─── Source material ───
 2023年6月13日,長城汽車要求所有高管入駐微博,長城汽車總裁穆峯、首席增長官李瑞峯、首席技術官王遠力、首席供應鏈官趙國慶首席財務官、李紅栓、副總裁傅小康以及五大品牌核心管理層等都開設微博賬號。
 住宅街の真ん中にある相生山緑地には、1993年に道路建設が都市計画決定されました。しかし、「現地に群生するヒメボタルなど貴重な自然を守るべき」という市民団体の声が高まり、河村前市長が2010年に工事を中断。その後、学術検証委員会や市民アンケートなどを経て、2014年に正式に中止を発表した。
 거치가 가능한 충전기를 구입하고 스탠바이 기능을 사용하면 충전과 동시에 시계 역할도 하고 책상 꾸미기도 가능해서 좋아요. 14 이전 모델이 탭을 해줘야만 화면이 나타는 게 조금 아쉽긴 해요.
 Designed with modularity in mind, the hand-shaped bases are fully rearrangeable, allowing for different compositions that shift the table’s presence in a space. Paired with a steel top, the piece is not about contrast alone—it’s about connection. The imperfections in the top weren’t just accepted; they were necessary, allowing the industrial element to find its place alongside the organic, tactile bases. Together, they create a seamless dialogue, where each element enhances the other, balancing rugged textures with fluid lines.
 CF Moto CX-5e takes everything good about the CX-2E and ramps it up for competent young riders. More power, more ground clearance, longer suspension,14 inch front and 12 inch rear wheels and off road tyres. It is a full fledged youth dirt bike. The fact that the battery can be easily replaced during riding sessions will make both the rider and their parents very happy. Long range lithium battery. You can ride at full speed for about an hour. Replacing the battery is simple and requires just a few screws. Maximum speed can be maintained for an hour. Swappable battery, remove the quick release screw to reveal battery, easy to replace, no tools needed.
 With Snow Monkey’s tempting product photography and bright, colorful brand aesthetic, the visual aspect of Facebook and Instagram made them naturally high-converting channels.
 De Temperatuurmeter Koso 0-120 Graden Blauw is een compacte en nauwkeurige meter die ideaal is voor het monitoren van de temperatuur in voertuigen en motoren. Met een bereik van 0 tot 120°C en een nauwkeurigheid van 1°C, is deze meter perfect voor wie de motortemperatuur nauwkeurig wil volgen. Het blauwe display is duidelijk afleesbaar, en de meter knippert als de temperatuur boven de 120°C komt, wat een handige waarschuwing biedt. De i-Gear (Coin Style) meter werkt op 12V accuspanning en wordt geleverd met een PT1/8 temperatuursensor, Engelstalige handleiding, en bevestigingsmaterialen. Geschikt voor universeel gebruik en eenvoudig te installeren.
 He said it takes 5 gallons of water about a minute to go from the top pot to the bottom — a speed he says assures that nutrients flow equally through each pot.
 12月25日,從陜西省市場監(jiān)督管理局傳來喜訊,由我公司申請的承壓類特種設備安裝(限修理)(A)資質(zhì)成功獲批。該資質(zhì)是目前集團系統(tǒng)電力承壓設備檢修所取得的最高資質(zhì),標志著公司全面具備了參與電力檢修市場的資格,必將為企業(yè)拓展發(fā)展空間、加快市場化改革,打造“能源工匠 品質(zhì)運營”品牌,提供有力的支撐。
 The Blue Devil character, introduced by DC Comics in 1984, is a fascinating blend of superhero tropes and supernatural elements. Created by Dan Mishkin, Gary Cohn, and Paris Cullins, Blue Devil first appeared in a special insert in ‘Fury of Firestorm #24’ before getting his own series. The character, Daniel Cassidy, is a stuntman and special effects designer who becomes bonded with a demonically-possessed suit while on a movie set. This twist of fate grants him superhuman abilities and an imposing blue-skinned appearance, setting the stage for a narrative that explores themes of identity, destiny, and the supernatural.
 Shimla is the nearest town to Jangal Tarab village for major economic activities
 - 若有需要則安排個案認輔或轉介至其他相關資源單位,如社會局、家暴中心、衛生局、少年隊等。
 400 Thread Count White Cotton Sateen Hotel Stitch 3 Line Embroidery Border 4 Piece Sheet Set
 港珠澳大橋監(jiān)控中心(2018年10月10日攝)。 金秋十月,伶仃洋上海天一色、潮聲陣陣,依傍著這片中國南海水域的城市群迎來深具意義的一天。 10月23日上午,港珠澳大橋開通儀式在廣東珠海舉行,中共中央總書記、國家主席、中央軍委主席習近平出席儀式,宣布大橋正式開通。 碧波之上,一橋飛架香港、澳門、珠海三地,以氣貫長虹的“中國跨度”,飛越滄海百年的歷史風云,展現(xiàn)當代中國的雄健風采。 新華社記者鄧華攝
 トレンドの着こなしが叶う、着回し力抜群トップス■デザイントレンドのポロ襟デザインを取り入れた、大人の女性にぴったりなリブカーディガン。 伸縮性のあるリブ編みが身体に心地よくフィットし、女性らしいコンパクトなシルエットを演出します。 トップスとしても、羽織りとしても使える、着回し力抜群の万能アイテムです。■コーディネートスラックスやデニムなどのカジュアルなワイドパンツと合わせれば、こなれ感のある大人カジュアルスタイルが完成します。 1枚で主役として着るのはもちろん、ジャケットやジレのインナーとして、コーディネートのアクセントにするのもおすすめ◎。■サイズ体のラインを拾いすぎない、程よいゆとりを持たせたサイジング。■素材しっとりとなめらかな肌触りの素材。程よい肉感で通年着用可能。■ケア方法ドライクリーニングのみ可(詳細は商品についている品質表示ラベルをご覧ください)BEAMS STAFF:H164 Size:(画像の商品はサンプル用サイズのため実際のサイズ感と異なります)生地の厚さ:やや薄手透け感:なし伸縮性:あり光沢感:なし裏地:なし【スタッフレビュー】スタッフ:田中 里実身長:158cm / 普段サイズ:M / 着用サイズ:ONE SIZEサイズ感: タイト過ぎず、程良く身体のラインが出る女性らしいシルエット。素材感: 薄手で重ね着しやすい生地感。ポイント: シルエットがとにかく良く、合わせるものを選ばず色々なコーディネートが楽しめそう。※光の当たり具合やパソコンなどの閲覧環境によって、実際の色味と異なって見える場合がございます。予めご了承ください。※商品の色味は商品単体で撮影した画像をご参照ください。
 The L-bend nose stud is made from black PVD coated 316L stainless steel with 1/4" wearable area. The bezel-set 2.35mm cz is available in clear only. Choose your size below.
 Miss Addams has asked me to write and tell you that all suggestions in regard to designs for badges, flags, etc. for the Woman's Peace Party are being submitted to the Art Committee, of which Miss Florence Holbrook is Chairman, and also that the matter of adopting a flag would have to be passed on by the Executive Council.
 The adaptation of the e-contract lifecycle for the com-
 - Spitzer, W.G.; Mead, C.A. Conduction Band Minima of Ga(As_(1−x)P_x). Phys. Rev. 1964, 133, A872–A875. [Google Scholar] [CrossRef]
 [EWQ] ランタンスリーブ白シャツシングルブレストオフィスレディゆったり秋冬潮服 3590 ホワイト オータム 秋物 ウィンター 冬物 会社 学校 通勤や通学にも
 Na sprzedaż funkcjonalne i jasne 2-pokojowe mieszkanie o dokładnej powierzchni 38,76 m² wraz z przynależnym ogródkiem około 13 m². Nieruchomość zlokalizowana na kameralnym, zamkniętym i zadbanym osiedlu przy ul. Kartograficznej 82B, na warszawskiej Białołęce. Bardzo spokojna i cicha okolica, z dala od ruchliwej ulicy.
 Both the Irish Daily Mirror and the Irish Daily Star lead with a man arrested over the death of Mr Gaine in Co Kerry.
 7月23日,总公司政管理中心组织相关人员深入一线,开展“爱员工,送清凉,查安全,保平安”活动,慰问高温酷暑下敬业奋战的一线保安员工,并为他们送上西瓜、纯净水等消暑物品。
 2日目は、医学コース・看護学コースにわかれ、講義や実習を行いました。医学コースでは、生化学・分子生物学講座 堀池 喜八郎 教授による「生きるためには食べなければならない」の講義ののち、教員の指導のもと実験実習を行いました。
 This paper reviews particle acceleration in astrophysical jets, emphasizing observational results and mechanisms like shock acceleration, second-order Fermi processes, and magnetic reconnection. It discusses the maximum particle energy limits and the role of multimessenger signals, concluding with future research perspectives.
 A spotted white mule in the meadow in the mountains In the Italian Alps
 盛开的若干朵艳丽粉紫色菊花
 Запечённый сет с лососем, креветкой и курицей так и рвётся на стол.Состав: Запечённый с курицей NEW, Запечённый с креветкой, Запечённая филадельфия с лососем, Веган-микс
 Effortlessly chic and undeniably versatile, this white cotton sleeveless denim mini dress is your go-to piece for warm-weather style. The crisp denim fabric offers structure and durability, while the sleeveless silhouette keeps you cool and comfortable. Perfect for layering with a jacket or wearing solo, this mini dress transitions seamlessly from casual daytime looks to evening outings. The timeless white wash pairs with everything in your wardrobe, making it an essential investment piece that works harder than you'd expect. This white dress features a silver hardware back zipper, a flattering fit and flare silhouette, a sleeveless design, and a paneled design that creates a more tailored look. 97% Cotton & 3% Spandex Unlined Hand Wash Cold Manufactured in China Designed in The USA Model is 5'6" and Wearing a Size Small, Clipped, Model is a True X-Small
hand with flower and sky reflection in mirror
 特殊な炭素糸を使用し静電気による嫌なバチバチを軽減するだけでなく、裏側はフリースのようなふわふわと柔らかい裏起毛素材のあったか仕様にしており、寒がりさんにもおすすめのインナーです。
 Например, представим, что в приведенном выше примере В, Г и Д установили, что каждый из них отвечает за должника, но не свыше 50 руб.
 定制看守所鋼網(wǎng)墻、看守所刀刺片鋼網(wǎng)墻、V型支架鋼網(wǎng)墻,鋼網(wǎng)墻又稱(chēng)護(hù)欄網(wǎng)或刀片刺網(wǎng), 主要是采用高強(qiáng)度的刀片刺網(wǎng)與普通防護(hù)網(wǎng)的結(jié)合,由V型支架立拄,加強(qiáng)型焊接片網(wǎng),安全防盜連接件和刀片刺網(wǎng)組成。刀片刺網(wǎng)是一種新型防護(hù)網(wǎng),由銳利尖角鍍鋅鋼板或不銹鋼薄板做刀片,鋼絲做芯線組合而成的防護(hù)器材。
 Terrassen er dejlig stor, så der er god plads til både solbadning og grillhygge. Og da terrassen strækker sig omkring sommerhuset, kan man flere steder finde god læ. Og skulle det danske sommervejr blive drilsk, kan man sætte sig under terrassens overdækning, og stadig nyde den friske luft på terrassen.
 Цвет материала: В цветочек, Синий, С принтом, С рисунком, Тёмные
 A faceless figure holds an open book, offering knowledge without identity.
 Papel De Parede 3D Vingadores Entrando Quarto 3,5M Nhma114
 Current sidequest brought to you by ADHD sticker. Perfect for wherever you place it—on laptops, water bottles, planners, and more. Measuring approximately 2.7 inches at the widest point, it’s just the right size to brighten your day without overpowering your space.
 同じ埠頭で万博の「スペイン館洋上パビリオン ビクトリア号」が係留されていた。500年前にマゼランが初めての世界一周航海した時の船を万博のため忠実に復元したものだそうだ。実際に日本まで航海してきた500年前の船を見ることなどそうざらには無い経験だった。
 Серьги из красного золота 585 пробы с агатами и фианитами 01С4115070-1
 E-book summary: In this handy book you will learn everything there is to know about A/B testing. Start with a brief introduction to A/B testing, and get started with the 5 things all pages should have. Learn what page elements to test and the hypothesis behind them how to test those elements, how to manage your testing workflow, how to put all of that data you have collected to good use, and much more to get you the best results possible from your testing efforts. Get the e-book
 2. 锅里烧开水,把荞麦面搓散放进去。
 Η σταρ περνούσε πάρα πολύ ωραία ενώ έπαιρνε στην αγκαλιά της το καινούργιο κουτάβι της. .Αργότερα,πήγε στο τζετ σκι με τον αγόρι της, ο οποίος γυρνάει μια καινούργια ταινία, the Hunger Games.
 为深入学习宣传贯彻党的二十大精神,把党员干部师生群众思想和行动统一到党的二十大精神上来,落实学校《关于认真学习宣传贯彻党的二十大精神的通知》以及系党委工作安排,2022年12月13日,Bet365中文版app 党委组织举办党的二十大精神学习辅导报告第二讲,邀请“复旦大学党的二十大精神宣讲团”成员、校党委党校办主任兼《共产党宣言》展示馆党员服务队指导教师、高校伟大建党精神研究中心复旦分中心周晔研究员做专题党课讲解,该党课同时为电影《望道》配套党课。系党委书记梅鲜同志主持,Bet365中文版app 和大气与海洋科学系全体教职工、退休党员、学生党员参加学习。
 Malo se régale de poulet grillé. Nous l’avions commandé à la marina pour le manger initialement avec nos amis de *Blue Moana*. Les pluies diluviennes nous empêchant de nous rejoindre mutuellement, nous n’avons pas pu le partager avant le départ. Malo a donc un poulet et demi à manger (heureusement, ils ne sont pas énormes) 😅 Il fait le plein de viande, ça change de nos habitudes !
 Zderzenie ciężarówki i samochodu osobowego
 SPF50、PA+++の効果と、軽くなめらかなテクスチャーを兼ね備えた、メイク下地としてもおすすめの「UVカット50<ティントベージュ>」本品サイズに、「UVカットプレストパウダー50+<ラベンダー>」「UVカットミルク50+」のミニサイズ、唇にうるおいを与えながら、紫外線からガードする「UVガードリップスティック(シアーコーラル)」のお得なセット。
───
== What the task asks ==
Output only an exact transcription of the lines above from the one with "A faceless figure" up to and including the one with "Papel De Parede".

== Written answer ==
 A faceless figure holds an open book, offering knowledge without identity.
 Papel De Parede 3D Vingadores Entrando Quarto 3,5M Nhma114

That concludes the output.